= Beginning of Section =
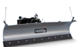
Gerader Pflug für LKW

Das gewölbte, pulverbeschichtete Schild ist aus robustem Stahl gefertigt, der in diesem Fall der Schlüssel zu unserem widerstandsfähigen und dennoch leichten Pflug ist. Die regulierbare Schürfleiste ist in Polyurethan oder Stahl erhältlich.
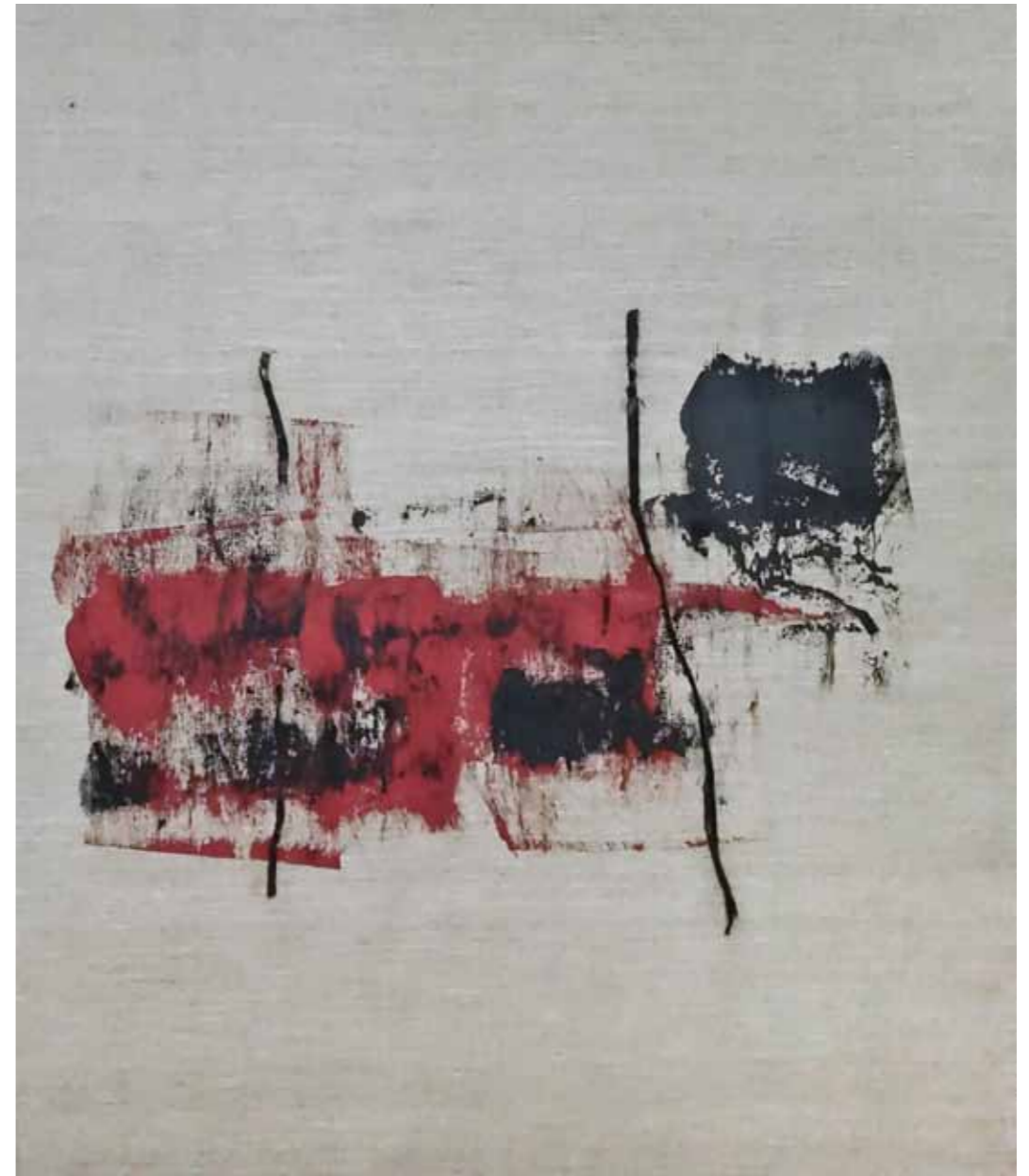
o. T., 2015, Acryl und Kohle auf Leinwand, 145 × 125 cm
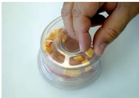
5. Elite Double reciclado puede emplearse para llenar la mufla
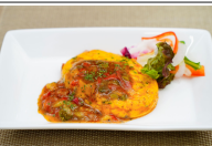
(改)イタリアンオムレツ
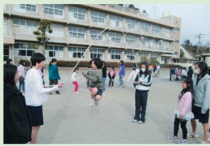
なかよし班による長縄跳びの練習
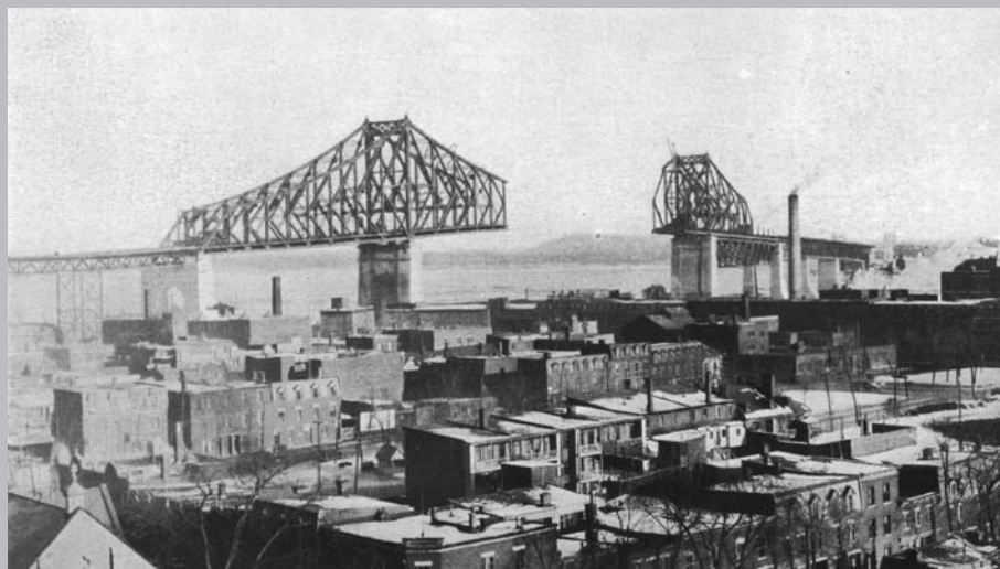
Les structures au-dessus du fleuve.

La deuxième section est celle de la travée centrale. La superstructure d'acier mesure au total 590,4 mètres. Au-dessus du fleuve, une distance de 334,4 mètres sépare le pilier 25 situé dans le port, du pilier 24 qui repose au fond de l'eau, du côté de l'île Ronde. Le dégagement entre le pont et les installations portuaires est de 47,5 mètres, alors que la distance qui sépare le pont de la surface du fleuve atteint près de 50 mètres.
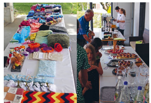
Handarbeiten der Strickgruppe welche zum Verkauf angeboten wurden und zum Abschluss ein feiner Apéro.
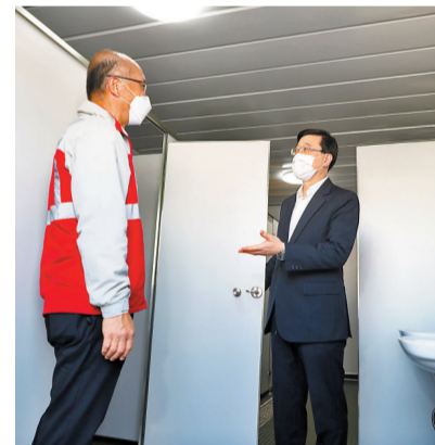
◆李家超視察隔離設施的洗手間。
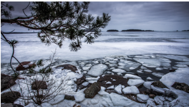
JOLLAksen KEVÄTTÄ
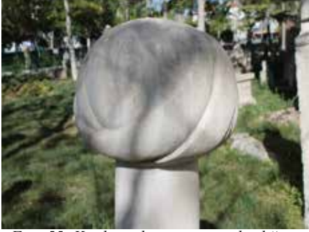
Foto 55: Kitabesiz bir mezar taşı başlığının görüntüsü
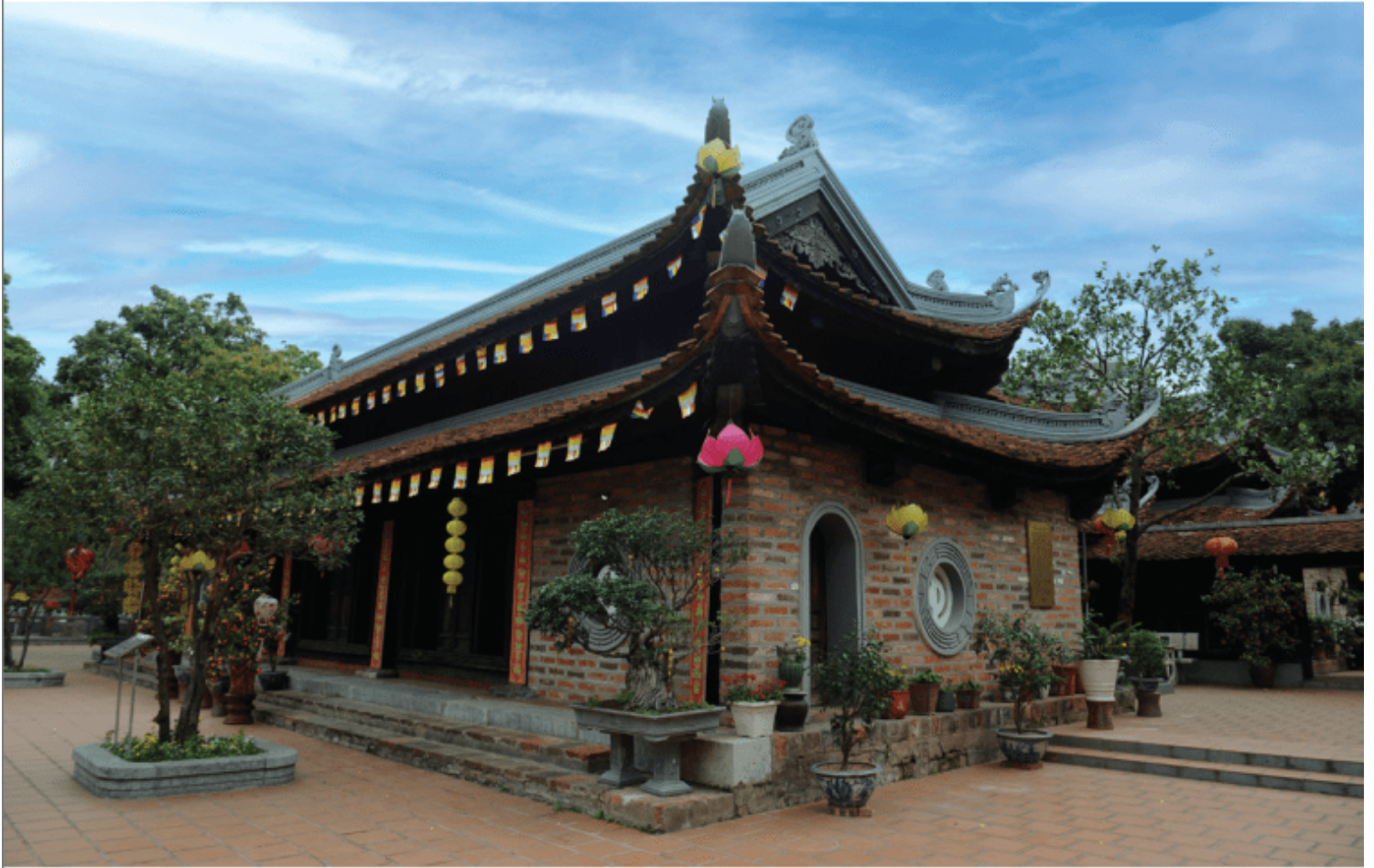
Chính điện chùa Kim Liên (Hà Nội)

Có người thấu triệt, bùn lầy nước đọng và không gian mênh mông vốn chỉ là hai mặt đối đãi không thật có; nếu nhận ra mầm hoa tại hiện tiền, thì tức khắc hoa sen nở. Đó là tinh thần Đốn ngộ của Lục Tổ Huệ Năng: Phật pháp ngay tại thế gian, không thể xa lìa thế gian tìm cầu sự giác ngộ.
= End of Section =
◆ What you need to do: Leave out the pictures and print every line of the data exactly.

◆ Output for this task:
Gerader Pflug für LKW

Das gewölbte, pulverbeschichtete Schild ist aus robustem Stahl gefertigt, der in diesem Fall der Schlüssel zu unserem widerstandsfähigen und dennoch leichten Pflug ist. Die regulierbare Schürfleiste ist in Polyurethan oder Stahl erhältlich.
o. T., 2015, Acryl und Kohle auf Leinwand, 145 × 125 cm
5. Elite Double reciclado puede emplearse para llenar la mufla
(改)イタリアンオムレツ
なかよし班による長縄跳びの練習
Les structures au-dessus du fleuve.

La deuxième section est celle de la travée centrale. La superstructure d'acier mesure au total 590,4 mètres. Au-dessus du fleuve, une distance de 334,4 mètres sépare le pilier 25 situé dans le port, du pilier 24 qui repose au fond de l'eau, du côté de l'île Ronde. Le dégagement entre le pont et les installations portuaires est de 47,5 mètres, alors que la distance qui sépare le pont de la surface du fleuve atteint près de 50 mètres.
Handarbeiten der Strickgruppe welche zum Verkauf angeboten wurden und zum Abschluss ein feiner Apéro.
◆李家超視察隔離設施的洗手間。
JOLLAksen KEVÄTTÄ
Foto 55: Kitabesiz bir mezar taşı başlığının görüntüsü
Chính điện chùa Kim Liên (Hà Nội)

Có người thấu triệt, bùn lầy nước đọng và không gian mênh mông vốn chỉ là hai mặt đối đãi không thật có; nếu nhận ra mầm hoa tại hiện tiền, thì tức khắc hoa sen nở. Đó là tinh thần Đốn ngộ của Lục Tổ Huệ Năng: Phật pháp ngay tại thế gian, không thể xa lìa thế gian tìm cầu sự giác ngộ.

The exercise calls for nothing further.